11. The method of claim 1, wherein the at least one anti-impaired cytoskeleton and/or nuclear envelope integrity, loss of proper cell polarity and/or alignment, and disregulation of wound healing and/or skin regeneration, which may lead to lines/wrinkles, sagging, and other signs of aging and/or photoaging agent is selected from the group consisting of a phophodiesterase inhibitor, an adenylate cyclase activator, a lipolysis stimulator, a beta-adrenergic receptor agonist, an alpha-2-adreneric receptor antagonist, perilla oil, carnitine, creatine, or combination thereof.

12. The method according to claim 1, wherein said modulator is in combination with at least one collagen and/or elastin stimulator.

13. The method of claim 1, wherein an effective amount of the modulator is about 0.001% to about 25% by weight of a composition.

14. A method for screening active agents useful for improving the aesthetic appearance of skin comprising assaying candidate substances for ability to modify nesprin-2 expression.
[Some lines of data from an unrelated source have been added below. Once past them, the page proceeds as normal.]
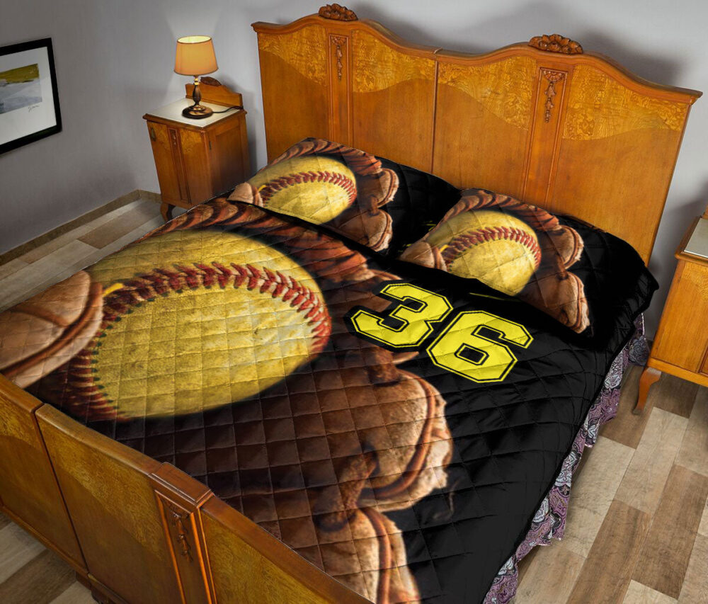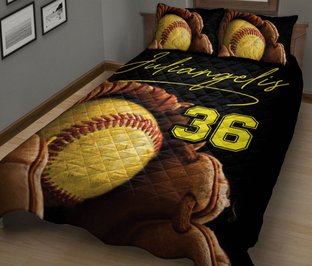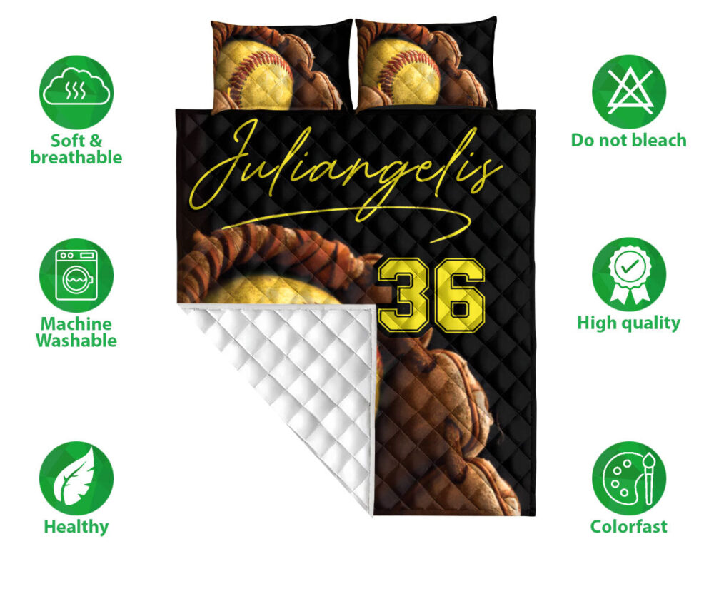 Personalized Softball Quilt Set, Softball Glove And Ball Quilt Blanket With Pillowcases, Custom Name Quilt Bedding Set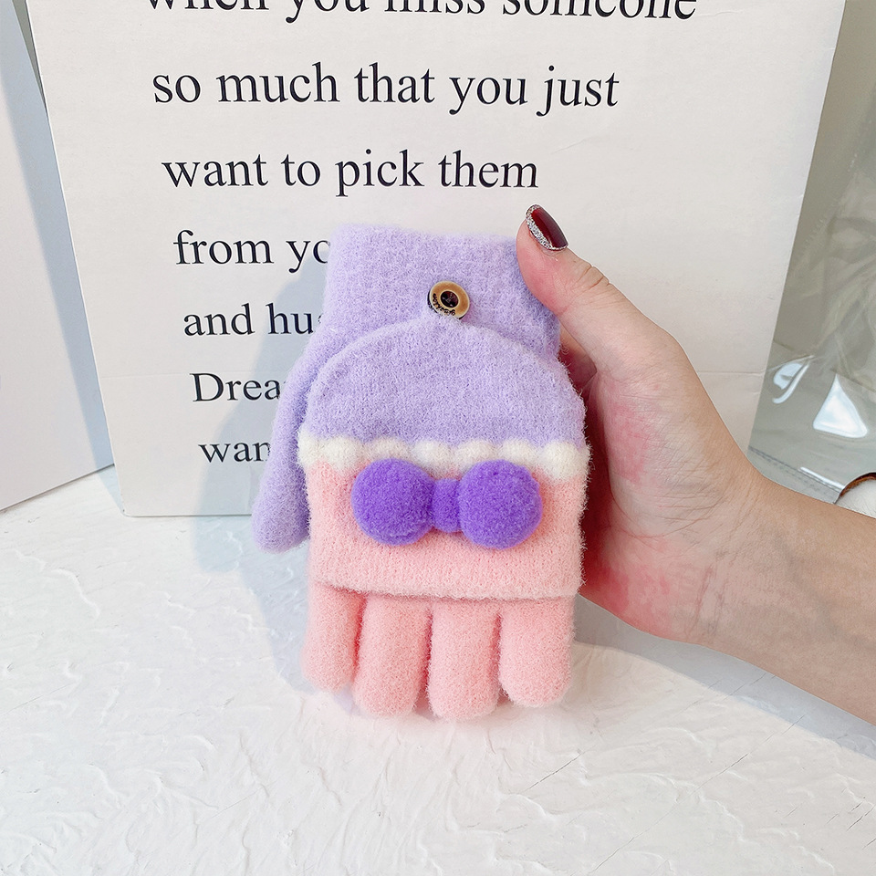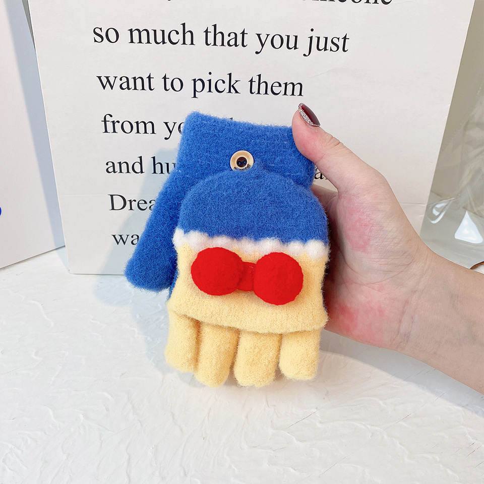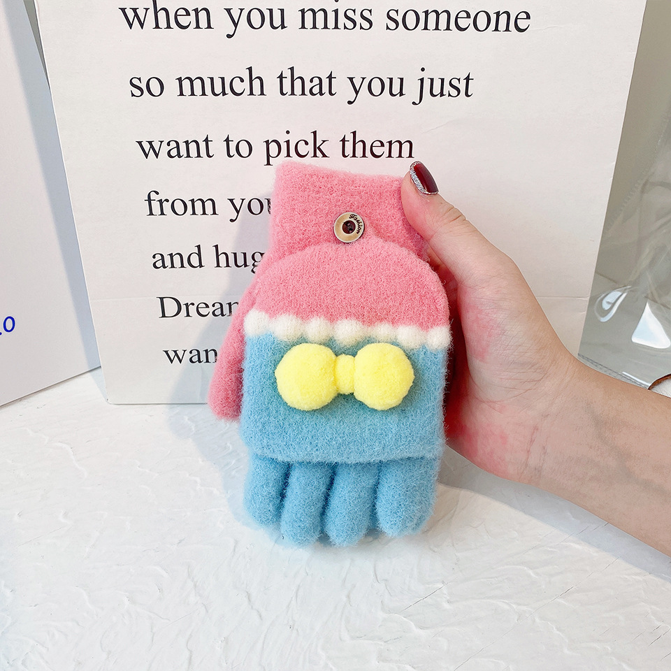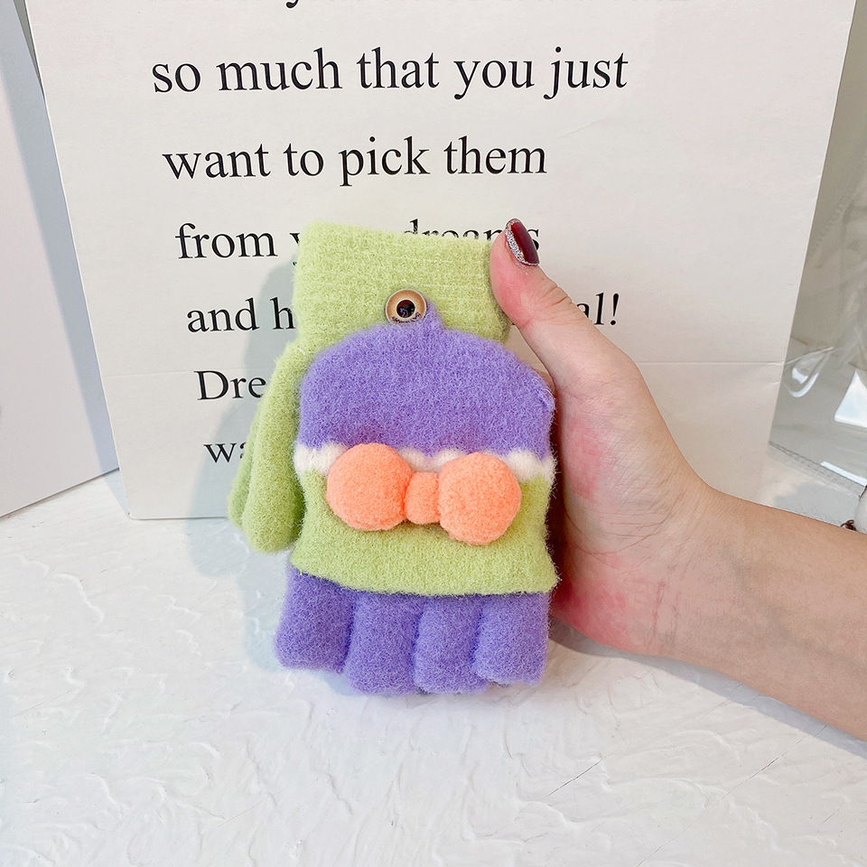 소녀를위한 한국식 만화 모직 따뜻한 장갑 겨울 학생 대비 색상 반 손가락 플립 커버 달콤한 두꺼운 방한 노출 손가락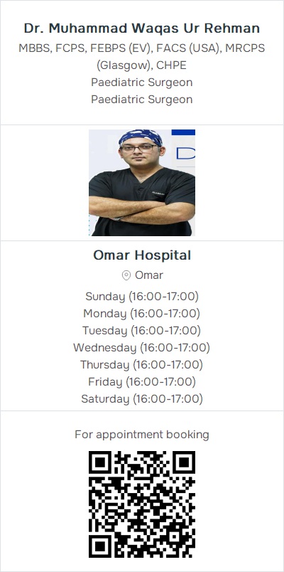 Paediatric SurgeonOmar Hospital & Cardiac Centre Johar Town, Plot # 393-396 & 423-426, Block D II Johar Town Lahore (B10) Contact: 03054998887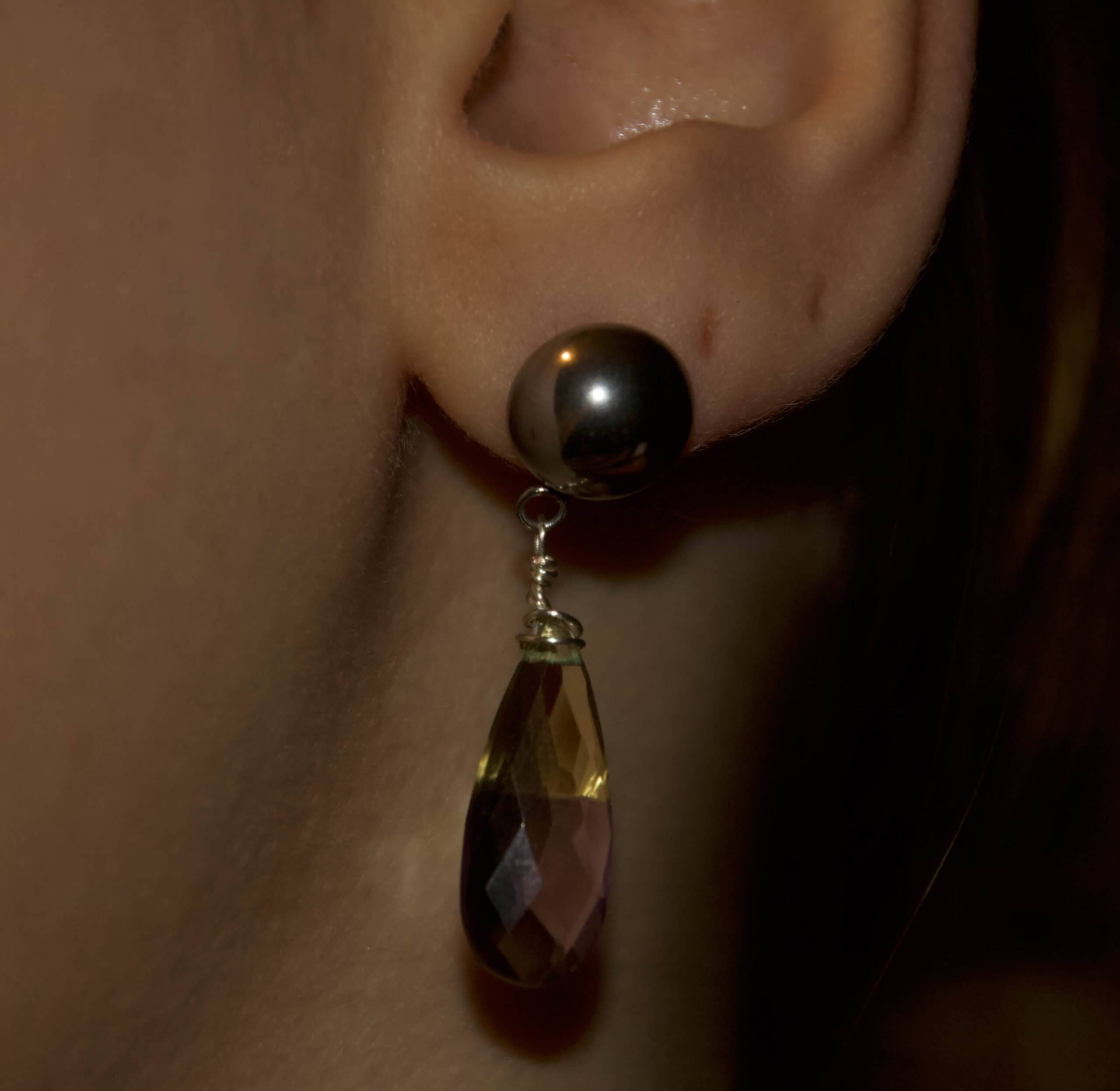 Una goccia sfaccettata che unisce ametista e quarzo citrino in un’unica gradazione morbida, luminosa e raffinata.

15. A method of treating the skin comprising topically applying to an area of the skin in need thereof an effective amount of an active agent that modulates nesprin-2expression, wherein the ability of said active agent to modulate nesprin-2expression has been determined by an assay which measures the level of mRNA encoding nesprin-2 in a cell that has been contacted with said active agent.